The prolific director first adapted the gonzo journalist’s acid trip memoirs in 1982, and the show has come to the Edinburgh Fringe fresh from a sell-out run in London. One of the reasons this play has been so popular, is that Thompson’s diaries are one enduring theatrical image. 

From reptiles in the lobby to hallucinations on the highway, everything in this show is visual and vibrant. The drug-crazed trip to Las Vegas, taken by the gonzo journalist and his wildly insane attorney, is riotous, intoxicating, and solidly acted by all five performers. 

True to text

The strength of this adaptation is that it’s almost rigidly true to Thompson’s original text. The narration is split between an older Hunter S. Thompson re-reading his words, and the younger version living through them. 

The cross-over between book and play is slick and almost seamless. Thompson’s account of his attempt to cover a motor race in the Nevada desert whilst consuming an inhuman cocktail of mescaline, LSD, ether, amyl nitrate, cocaine and other assorted uppers, is surreally funny and often uncomfortably frank.

Stein’s production manages to capture the essence of Thompson’s whirlwind ride. The combination of well-constructed set, and lighting designs inspired by Ralph Steadman’s grotesque novella cartoons, works beautifully to convey the madness to the audience.

Insanity personified

Every cast member pulls their own weight in this slick and surreal show. But the standout performance, for me, was the incomparable Rob Crouch, as crazed drug-fiend attorney Dr Gonzo. 

His acting cannot be called subtle, since nor can his character, but it is strewn with sparks of perfect comedic timing, and outbursts of melodramatic rage. As Dr Gonzo, Crouch is louche, versatile, terrifying, funny, and utterly without shame.

In one particular scene, suffering an intensely paranoid and violent hallucinogenic trip, Crouch lies prone and naked in a bathtub, brandishing a kitchen knife at the astonished Hunter S. Thompson.
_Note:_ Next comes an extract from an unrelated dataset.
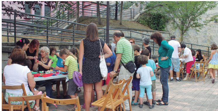
Buruhandiak edo haurrentzako tailerrak izan ziren goizeko lehen orduetan Oriako auzoan. Eguerdian, berriz, Karmango Amaren ohorezko meza izan zen. Lepo bete zen.

Xirimiri elkarteko kide eta lagunek agerraldia egin zuten ostegunean. Honetan Auzitegi Nazionalak ekainean berretsitako erabakiaren irakurketa egin zuten. Desjabetzearen aurka agertu eta zigortutakoen absoltuzioa eta herriko tabernen zigorraren indargabetzea eskatu zuten. Era berean, elkarteari elkartasuna adierazteko hainbat ekintza egingo direla jakitera eman zuten; hala nola, sinadura bilketa.

He then heaves himself out of the water, and parades about on-stage as naked as the day he was born – and certainly not as innocent.

The pantomime-esque scene drew roars of laughter from the audience, and began an undercurrent of very real concern for the fate of his terrified traveling companion.

Well re-created

The world of the early 1970s is brought to life with a fantastic soundtrack – which included the Rolling Stones and Jefferson Airplane – and a well-designed set that adapted cleverly and moved with the action. 
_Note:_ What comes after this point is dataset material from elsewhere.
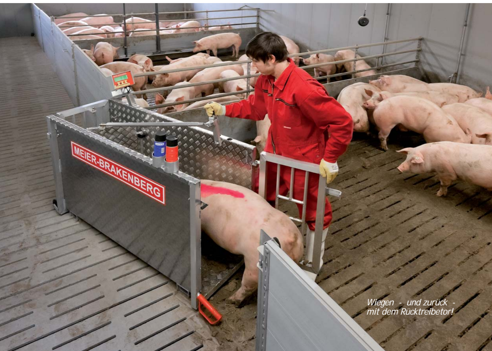
Wiegen - und zurück - mit dem Rücktreibetor!

The ferocious pace is occasionally lost in the melee, but to watch this play is to live vicariously through the wild and brilliant mind of a literary icon. 

The only real fault in the production was that it stuck almost too rigidly to the text, and although lighting was used cleverly, it’s incredibly difficult to convey hallucinations, and capture such a grand level of excess visually on-stage. 

Even so, Lou Stein’s production is a valiant effort to recreate a text that delves into the darker side of the American dream, and reveals the era as experienced through one man’s wired and brilliant mind. 

Lou Stein’s Fear and Loathing in Las Vegas is being performed August 12th – 25th, at 16:30 (1 hour 30 minutes) in the Pleasance Courtyard.